*Task to complete*. Copy each line, word for word, from the one with "Khăn ướt gấu" through the final line of the listing, but skip the pictures.

*Dataset section*.
/---

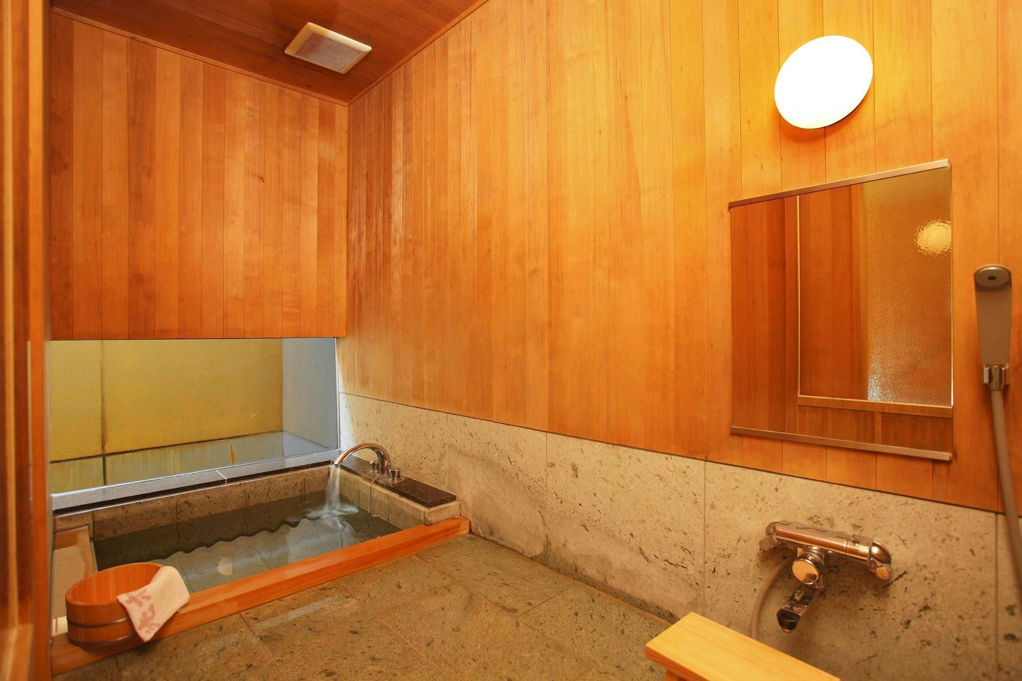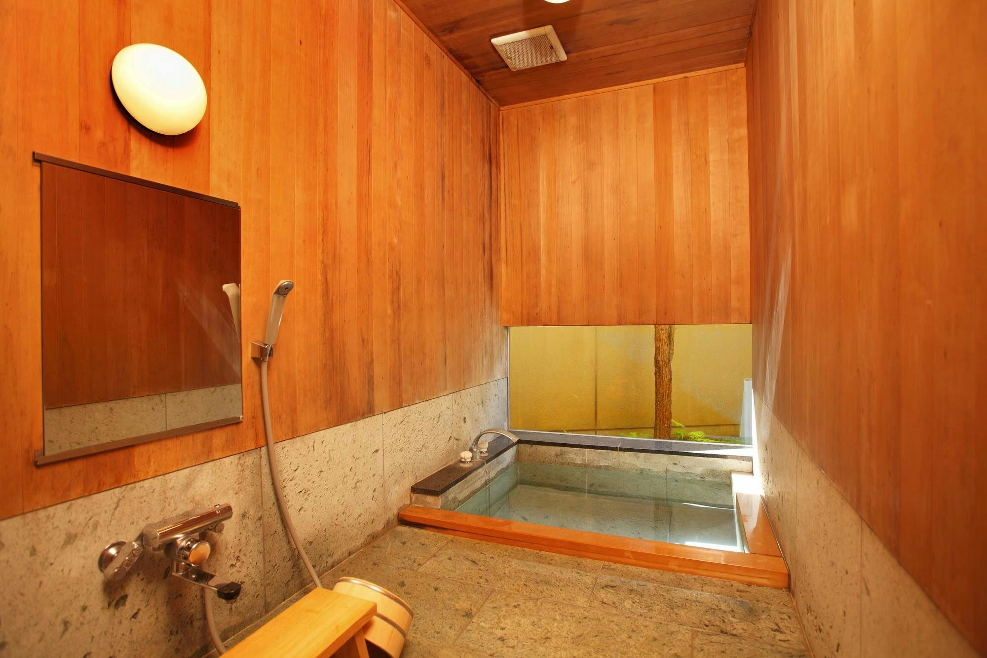 お部屋には檜と石が調和する浴槽、檜の壁に囲まれた源泉100%掛け流しの内風呂がございます。
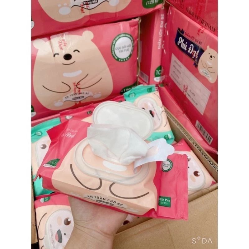 Khăn ướt gấu Béo phú đạt 120 tờ không mùi không parapen sử dụng cho em bé
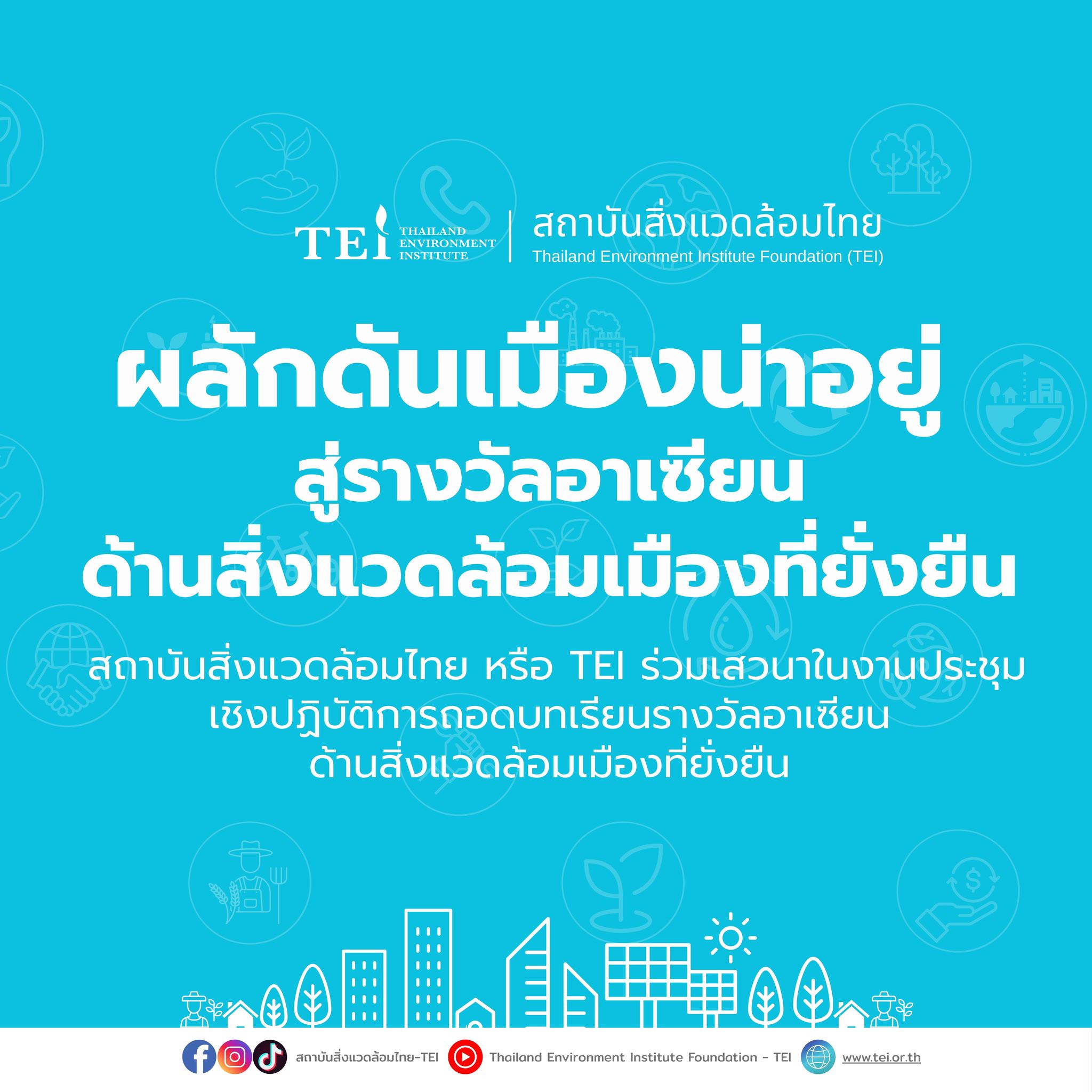 สถาบันสิ่งแวดล้อมไทย หรือ TEI โดย ดร.เบญจมาส โชติทอง ร่วมเสวนาในงานประชุมเชิงปฏิบัติการถอดบทเรียนรางวัลอาเซียนด้านสิ่งแวดล้อมเมืองที่ยั่งยืน จัดโดยกรมการเปลี่ยนแปลงสภาพภูมิอากาศและสิ่งแวดล้อม ระหว่างวันที่ 27-28 สิงหาคม 2568 ที่ผ่านมา

\---

*Exercise response*.
 Khăn ướt gấu Béo phú đạt 120 tờ không mùi không parapen sử dụng cho em bé
 สถาบันสิ่งแวดล้อมไทย หรือ TEI โดย ดร.เบญจมาส โชติทอง ร่วมเสวนาในงานประชุมเชิงปฏิบัติการถอดบทเรียนรางวัลอาเซียนด้านสิ่งแวดล้อมเมืองที่ยั่งยืน จัดโดยกรมการเปลี่ยนแปลงสภาพภูมิอากาศและสิ่งแวดล้อม ระหว่างวันที่ 27-28 สิงหาคม 2568 ที่ผ่านมา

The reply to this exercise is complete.